Il sole di mezzanotte: L’estate dei campioni
La prima parte del 2025 è stata la dolce discesa dopo la scalata. Il blog raccontava un’estate diversa dalle altre: un’estate di orgoglio. Il Vesuvio non doveva più “fremere”, aveva già ruggito. Arrivare ad agosto con lo Scudetto cucito addosso ha cambiato la prospettiva di tutto. Non eravamo più gli sfidanti, eravamo la preda. E la società ha risposto con un mercato che ha fatto tremare i polsi.
Ricordate i giorni frenetici di fine agosto? Il 27 agosto scrivevamo: “Campioni d’Italia, a noi l’Europa!”. C’era la sensazione che il titolo nazionale fosse solo l’antipasto. L’arrivo di Kevin De Bruyne – un colpo che ha ridefinito il concetto di “ambizione” a Napoli – e l’acquisto last-minute di Rasmus Højlund dal Manchester United il 1° settembre, hanno trasformato l’entusiasmo in delirio.
L’arrivo del danese, in particolare, è stato raccontato come la mossa decisiva per dare a Conte quel mix di “potenza e profondità” che mancava. Habemus Rasmus, titolavamo. Un gigante di 1,91m pronto a raccogliere l’eredità pesante di un attacco che aveva bisogno di nuova linfa, specialmente con le incognite fisiche legate a Romelu Lukaku.
L’autunno del “Giano Bifronte”: La cura Conte
Ma il calcio, si sa, è crudele. Appena spenti i fuochi d’artificio del mercato, ci siamo scontrati con la realtà del campo. E qui è emersa quella che abbiamo definito la “Sindrome Partenopea”: un Napoli dalla doppia identità.

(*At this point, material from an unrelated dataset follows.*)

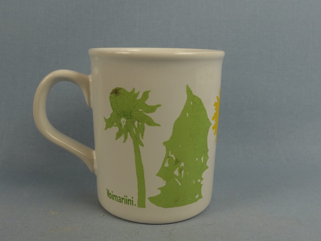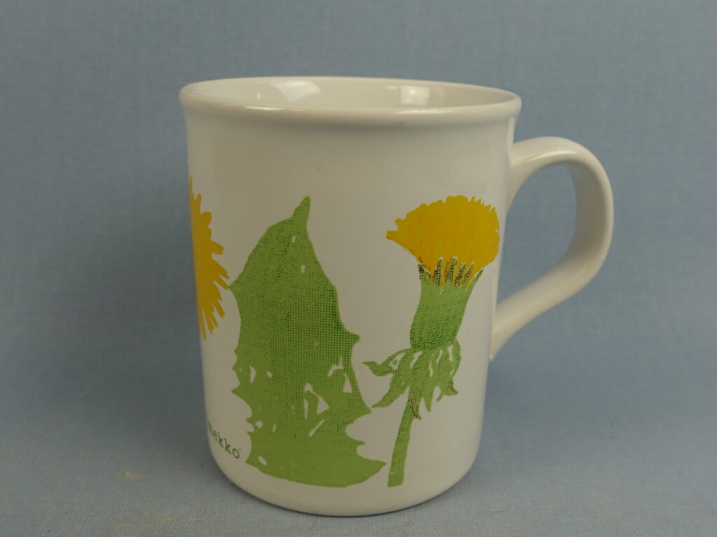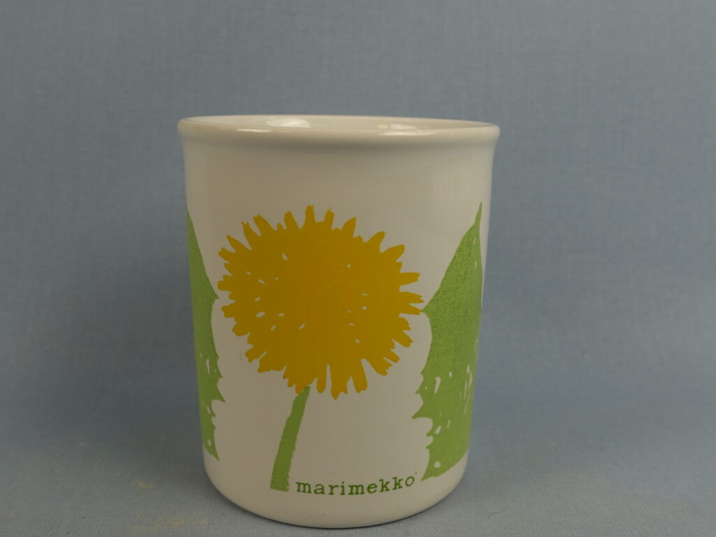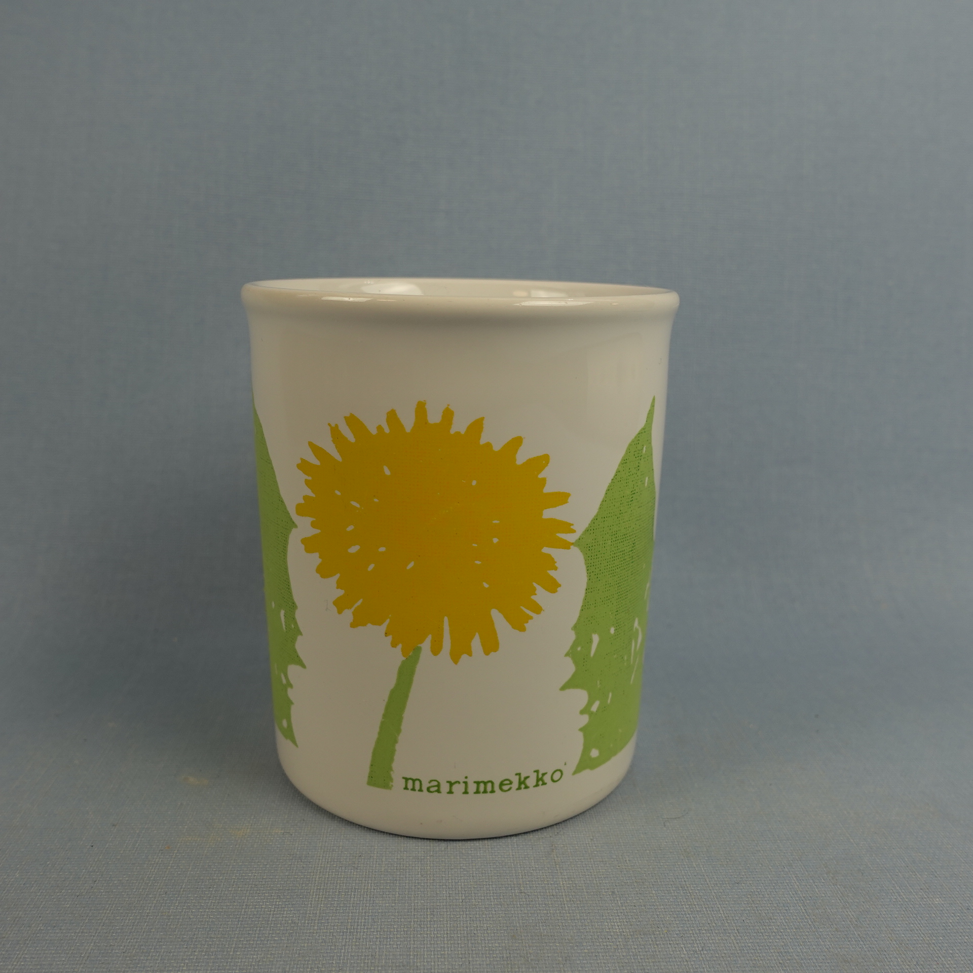 Marimekon valmistuttama Voikukka muki 1990-luvulta. Muki on valmistettu Englannissa. Mukin korkeus on 9,6 cm, halkaisija 8 cm ja tilavuus 30 cl. Myynnissä oleva muki on ehjä ja muutenkin hyväkuntoinen.

In Serie A, la squadra di Antonio Conte ha mostrato i muscoli. Una macchina da guerra pragmatica, capace di vincere anche quando non brilla. La vittoria in rimonta contro il Genoa a ottobre (2-1) o il recente successo “operaio” contro la Cremonese allo Zini (0-2) sono stati manifesti di resilienza. Abbiamo parlato della “Legge dello Zini” e di come Højlund, con la sua doppietta, si sia preso la scena mentre Lukaku era ai box. È un Napoli che sa soffrire, che si aggrappa al “cinismo” del suo allenatore, anche a costo di sacrificare l’estetica.
Tuttavia, il blog non ha nascosto le perplessità. In un editoriale di ottobre, ci chiedevamo: “Il Napoli di Conte è sintomo o causa della grande tristezza della Serie A?”. La piazza, sazia di vittorie ma affamata di bellezza, ha iniziato a mormorare. Il passaggio rigido tra il 4-1-4-1 e il 3-5-2, la “concretezza” esasperata contro l’ingenuità del bel gioco, ha creato una frattura filosofica. Vogliamo vincere o vogliamo divertirci? Conte ha risposto coi punti, ma il dibattito resta aperto.
La ferita europea: Il buio oltre il confine
Se in Italia abbiamo tenuto il passo, l’Europa è stata il nostro tallone d’Achille. La nuova Champions League a 36 squadre, che avevamo accolto come “stimolante” ad agosto, si è rivelata un percorso a ostacoli disseminato di trappole.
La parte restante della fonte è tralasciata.